Non Invasive Screening for Fetal RHD-Genotype in All D-Negative Women Is Reliable and Cost-Effective.

About 40% of D-negative pregnant women receive antenatal anti-D despite a D-negative fetus. We have developed an automated assay for fetal genotyping using cell-free fetal DNA from maternal plasma to restrict antenatal prophylaxis to women carrying a D-positive fetus. This will save anti-D of which is worldwide shortage, and will prevent the unnecessary administration of a blood product. 1 ml of plasma is automatically presented (Tecan) to a DNA isolation-robot (Roche). The DNA-eluate is tested (after automatically pipetting) in triplicate in a real-time RHD exon7-PCR (ApplBios).

Results

Plasma from 2415 D-negative pregnant women, whose blood was sent in for 28–30^th week antibody screening, has been tested. In 35 cases (1.44%) the women (10 weak D and 25 normal D-positive) were typed as D-positive by repeated serological tests, and excluded from the study.

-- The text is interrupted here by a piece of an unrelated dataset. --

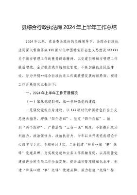 县综合行政执法局2024年上半年工作总结2024年以来,在县委县政府的坚强领导下,县综合行政执法局深入贯彻落实XXX新时代中国特色社会主义思想及XXXXXX关于城市管理工作的重要讲话精神,以党建引领城市管理工作提质增效。全面推进城市精细化管理,不断加强执法队伍建设,努力开创**综合行政执法工作高质量发展的新局面。现将工作开展情况汇报如下:一、2024年上半年工作开展情况(一)聚焦党建引领,进一步加强党的建设一是强化党组自身建设。以XXX新时代中国特色社会主义思想为指导,增强四个意识、坚定四个自信、做到两个维护。严格落实三会一课制度,不断提升政治判断力、政治领悟力、政治执行力。今年以来开展党组理论中心组学习5次,专题研讨3次。二是创建和美**城事先锋党建品牌。为实现党建和业务工作深融互促,以高质量党建推进全局各项工作全面发展,提升城市管理精细化水平,创建和美**城事先锋党建品牌。致力打造先锋标地,坚持将为民服务、依法行政、文明执法、防治结合、改革创新融入党建品牌体系,注入到综合行政执法的全过程,促进城市管理水平全面提升。三是贯彻落实党风廉政建设责任制。坚持重要节日、重大事项谈心谈话制度,不断增强队伍团结协作精神,在春节、五一、端午等重要节点开展了谈心谈话及廉政提醒。四是扎实开展党纪学习教育活动。制定《**县综合行政执法局党纪学习教育实施方案》,按照
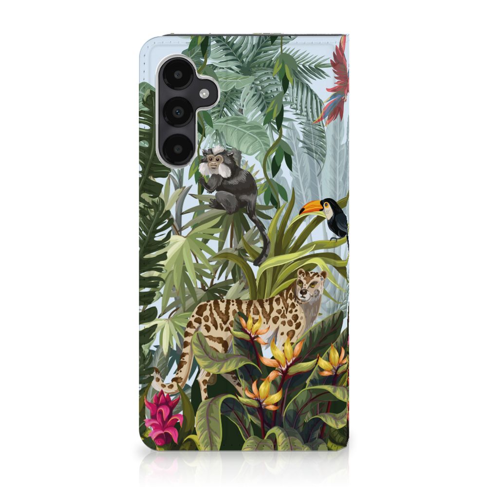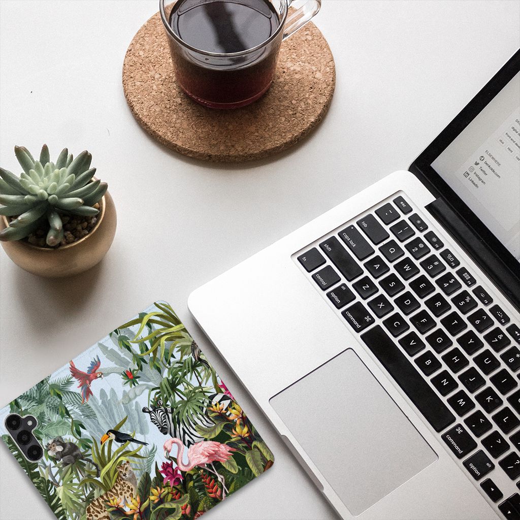 Ben je op zoek naar een tropische verrassing voor je Samsung Galaxy A05s? Dan is dit hoesje in jungle stijl zeker iets voor jou! Met de verschillende soorten dieren waan je je even in de jungle, vind je ook niet? Dit design wordt geprint op een Hoesje maken waarin je een pasje kwijt kunt. Vouw het hoesje om en zet het horizontaal neer voor als je graag filmpjes op je Samsung Galaxy A05s kijkt. De magneten aan de binnenkant zorgen ervoor dat het hoesje dicht blijft in bijv. je tas. Bescherm jouw smartphone vandaag nog met dit stoere jungle design hoesje!

1465 of the plasma’s (61.59%) were typed RhD positive and 915 RhD negative. Because the RHD exon7-PCR will give positive results in D-negative women carrying D-negative variant RHD genes such as RHDΨ, we determined the incidence of these genes in our studygroup. In all cases (n=39) with Ct values below 33.2 DNA was isolated from maternal leukocytes. Of the 19 cases with extremely low Ct values (<32), 6 women carried an RHDΨ gene, 5 an RHD variant type VI, 3 weak D (type 1, 11 and 17) and 1 RHDdel. The 24 other women did not carry RHD genes.

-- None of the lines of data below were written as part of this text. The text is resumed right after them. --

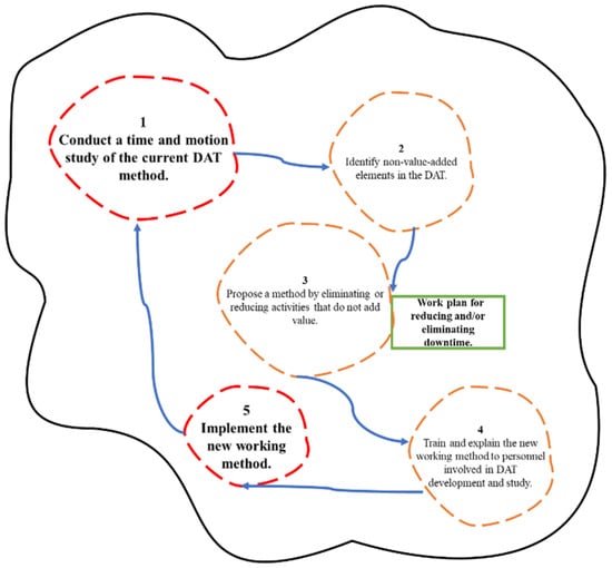Models B1 and B2 have a bidirectional relationship, as the diagnosis of the current DAT method leads to the redesign of the devices used; thus, the redesign of these models modifies the time study conducted, which provides a basis for a new diagnosis, creating a continual improvement cycle between these two models.
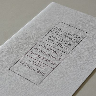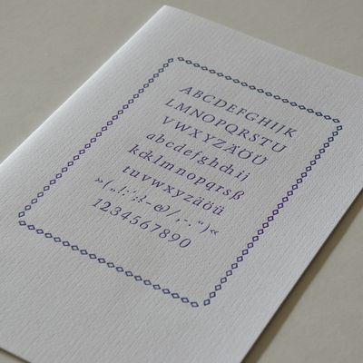 Klappkarte im Format A5 aus strukturiertem, weißen Designpapier 8250 g) mit passendem Umschlag. Handsatz aus Bleilettern. Limitierte Auflage. Schrift: AmatiJahrgang: 1951Schriftgestaltung: Georg Trump 1896-1985Druck der Schrift: Farbverlauf blau-violett Für: Geburtstag, Jubiläum, Graphikdesign, Kalligraphie,…
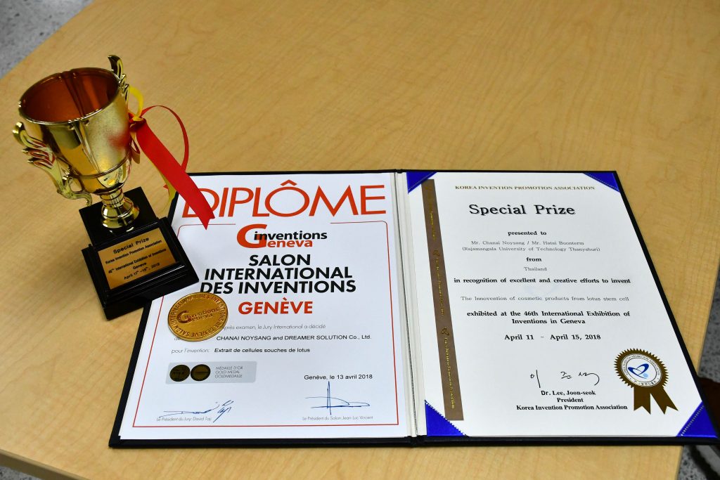 Researchers at Rajamangala University of Technology Thanyaburi (RMUTT) wins gold and special prizes at the Geneva International Research Contest Switzerland for successfully inventing the “Sacred Lotus Stem Cell” to create value of Thai medicinal plants by pointing out the benefits in skin brightening and wrinkles fading and continuing to progress into cosmetic products for both in Thailand and abroad.
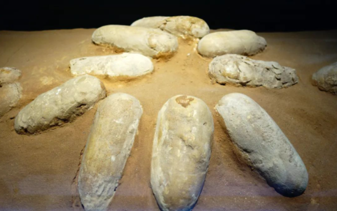 △巴彦淖尔乌拉特后旗巴彦满达呼出土的晚白垩世长形恐龙蛋化石。

To compare the plasma PCR results with cord blood serology, all women and obstetric caregivers were sent questionnaires on cord blood serology. 55% responded (n=1257). For cases with discrepant results(n=21) or incompleted questionnaires(n=31) the laboratory which performed the cord blood typing was contacted. Finally, concordant results were obtained in 1249 of the cases. In 3 cases the genotype suggests D-positivity while serology is D-negative. In 5 cases no RHD-sequences were detected in plasma but cord blood was typed D-positive. For the discrepant cases it cannot be concluded yet, which assay gave the correct phenotype.

Conclusion

This is the first large scale automated study demonstrating the feasibility of screening D-negative women to restrict antenatal anti-D to women carrying D-positive fetuses. For the recognition of women at risk for immunization, the plasma-PCR test seems to be at least as reliable as the serological test. Furthermore, postnatal prophylaxis could have been given directly after delivery in all women with a positive PCR-result, saving cord blood serology tests and possibly increasing the effectiveness of postnatal prophylaxis.

An economic evaluation demonstrated that this screening policy is cost effective in the Netherlands.